TASK ITEM
Retype exactly what appears below from the line containing "CHAIR, FANNIE, SCATS" down to the line containing "Llevando este concepto", keeping both end lines. Do not include pictures.

──────── PROVIDED RECORDS

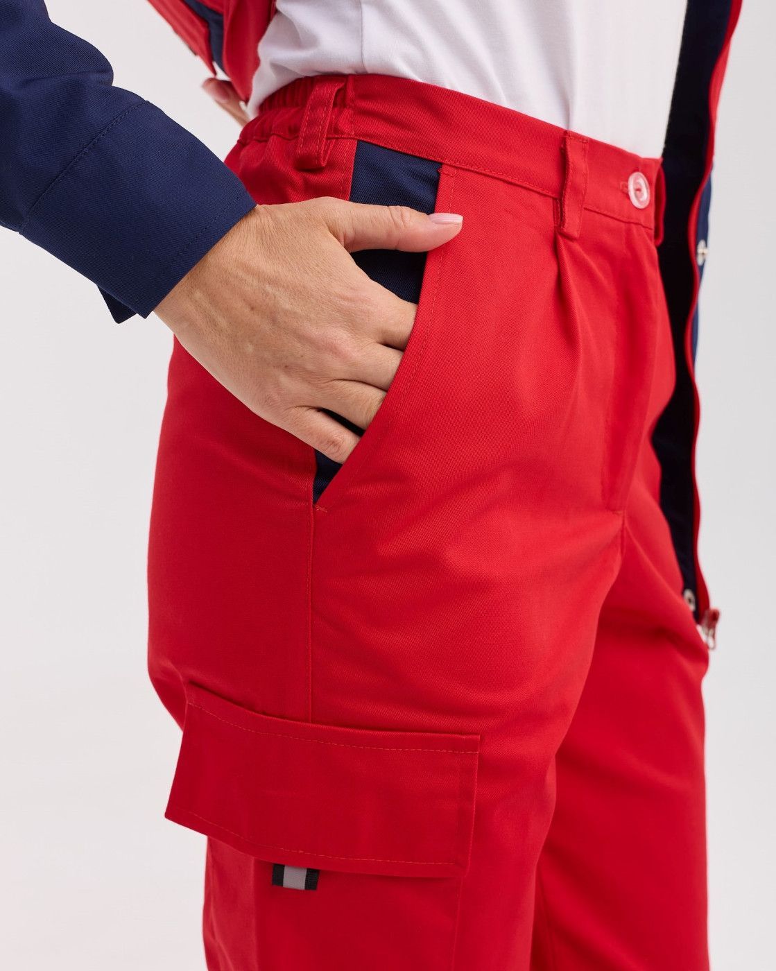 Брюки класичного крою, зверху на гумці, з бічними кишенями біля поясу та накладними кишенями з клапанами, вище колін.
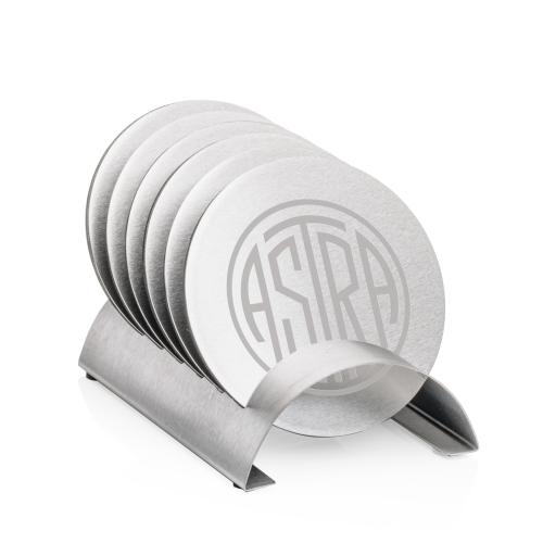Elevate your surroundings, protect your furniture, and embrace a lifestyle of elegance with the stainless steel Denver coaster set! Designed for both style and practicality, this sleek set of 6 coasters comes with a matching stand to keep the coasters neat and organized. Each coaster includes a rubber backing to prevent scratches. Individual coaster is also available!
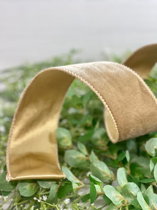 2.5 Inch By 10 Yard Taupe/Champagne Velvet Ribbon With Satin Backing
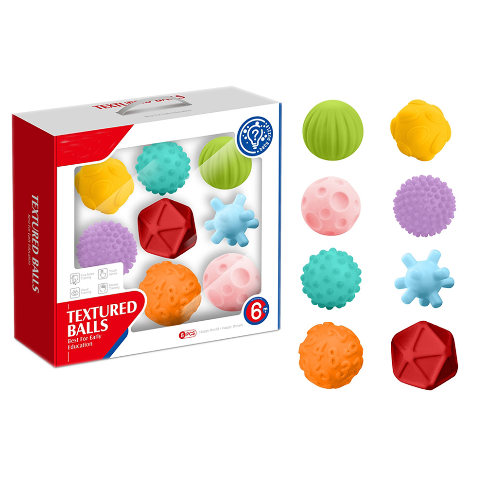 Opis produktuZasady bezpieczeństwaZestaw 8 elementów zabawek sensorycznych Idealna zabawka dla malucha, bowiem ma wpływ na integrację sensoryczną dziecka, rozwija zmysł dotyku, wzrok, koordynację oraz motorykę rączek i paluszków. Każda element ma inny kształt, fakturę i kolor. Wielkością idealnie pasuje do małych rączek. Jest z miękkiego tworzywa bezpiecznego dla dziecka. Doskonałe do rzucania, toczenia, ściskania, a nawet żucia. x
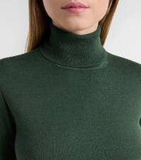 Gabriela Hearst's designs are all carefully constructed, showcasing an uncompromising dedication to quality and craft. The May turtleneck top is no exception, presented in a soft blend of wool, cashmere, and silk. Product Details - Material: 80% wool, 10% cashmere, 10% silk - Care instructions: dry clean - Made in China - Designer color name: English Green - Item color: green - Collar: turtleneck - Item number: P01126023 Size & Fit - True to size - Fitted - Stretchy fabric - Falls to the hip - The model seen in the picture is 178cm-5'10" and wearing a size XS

────────────────
──────── PROVIDED RECORDS

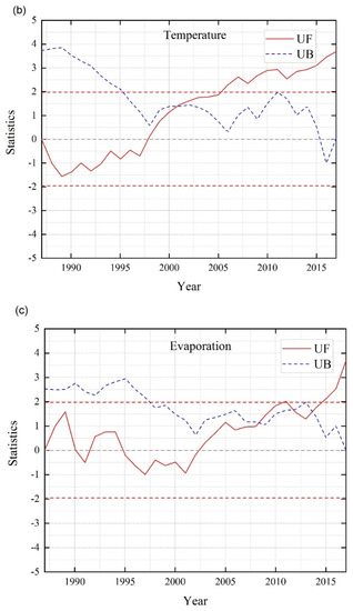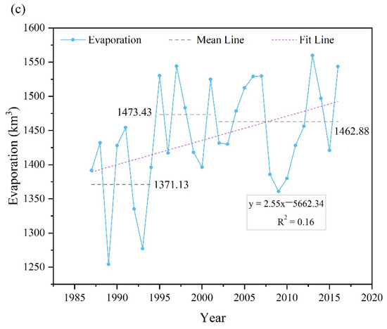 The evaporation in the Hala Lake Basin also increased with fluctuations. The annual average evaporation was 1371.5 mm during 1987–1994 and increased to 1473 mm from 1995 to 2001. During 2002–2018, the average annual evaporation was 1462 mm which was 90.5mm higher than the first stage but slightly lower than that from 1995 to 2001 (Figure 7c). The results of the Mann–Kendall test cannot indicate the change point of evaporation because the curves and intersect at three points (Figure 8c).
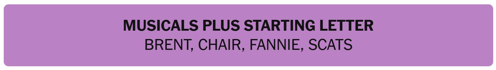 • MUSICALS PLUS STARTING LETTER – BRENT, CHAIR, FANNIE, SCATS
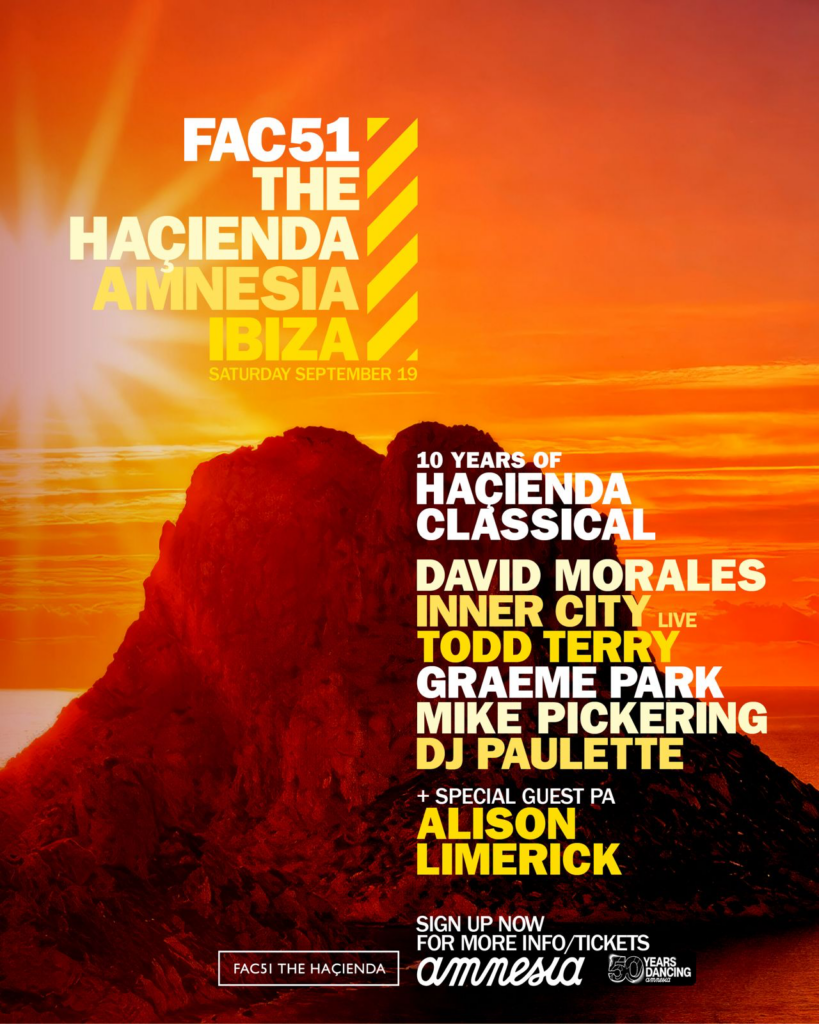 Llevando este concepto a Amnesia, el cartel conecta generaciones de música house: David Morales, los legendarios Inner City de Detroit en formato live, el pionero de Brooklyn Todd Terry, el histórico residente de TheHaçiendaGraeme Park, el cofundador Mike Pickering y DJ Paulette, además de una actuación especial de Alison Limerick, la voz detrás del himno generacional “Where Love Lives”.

────────────────
──────── PROVIDED RECORDS

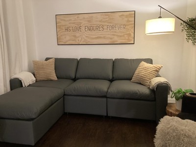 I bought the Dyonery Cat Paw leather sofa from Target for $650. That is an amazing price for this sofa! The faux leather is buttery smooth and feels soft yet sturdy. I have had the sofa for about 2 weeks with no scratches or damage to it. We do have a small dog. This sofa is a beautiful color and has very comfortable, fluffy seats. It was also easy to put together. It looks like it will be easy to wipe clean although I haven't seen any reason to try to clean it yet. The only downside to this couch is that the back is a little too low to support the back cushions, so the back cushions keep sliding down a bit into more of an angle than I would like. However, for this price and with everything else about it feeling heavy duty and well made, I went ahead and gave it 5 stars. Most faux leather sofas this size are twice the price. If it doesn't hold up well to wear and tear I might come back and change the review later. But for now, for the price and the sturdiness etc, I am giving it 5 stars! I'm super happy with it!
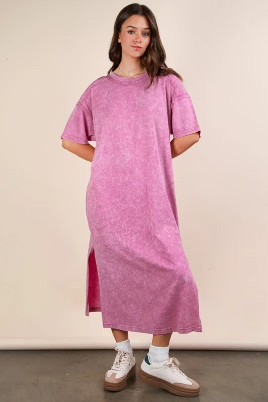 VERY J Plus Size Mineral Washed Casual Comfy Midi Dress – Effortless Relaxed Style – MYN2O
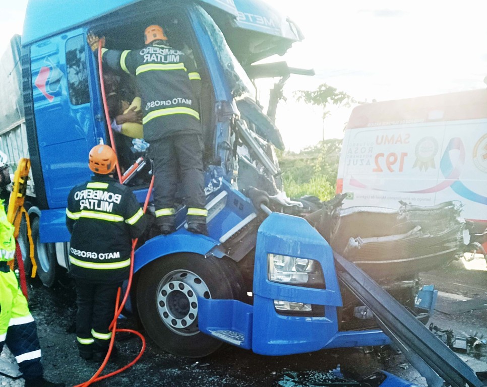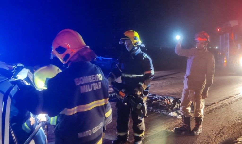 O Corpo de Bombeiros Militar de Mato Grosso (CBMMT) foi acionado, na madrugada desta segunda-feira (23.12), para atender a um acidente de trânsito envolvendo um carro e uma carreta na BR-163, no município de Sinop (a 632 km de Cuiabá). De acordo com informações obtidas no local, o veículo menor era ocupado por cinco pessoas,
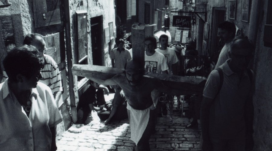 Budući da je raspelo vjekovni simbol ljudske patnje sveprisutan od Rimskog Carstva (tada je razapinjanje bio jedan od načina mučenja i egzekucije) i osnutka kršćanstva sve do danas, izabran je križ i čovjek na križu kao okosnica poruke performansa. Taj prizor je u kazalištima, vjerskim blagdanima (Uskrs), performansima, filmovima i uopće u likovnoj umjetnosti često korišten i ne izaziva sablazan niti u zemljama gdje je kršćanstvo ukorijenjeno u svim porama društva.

────────────────

WRITTEN RESPONSE
 • MUSICALS PLUS STARTING LETTER – BRENT, CHAIR, FANNIE, SCATS
 Llevando este concepto a Amnesia, el cartel conecta generaciones de música house: David Morales, los legendarios Inner City de Detroit en formato live, el pionero de Brooklyn Todd Terry, el histórico residente de TheHaçiendaGraeme Park, el cofundador Mike Pickering y DJ Paulette, además de una actuación especial de Alison Limerick, la voz detrás del himno generacional “Where Love Lives”.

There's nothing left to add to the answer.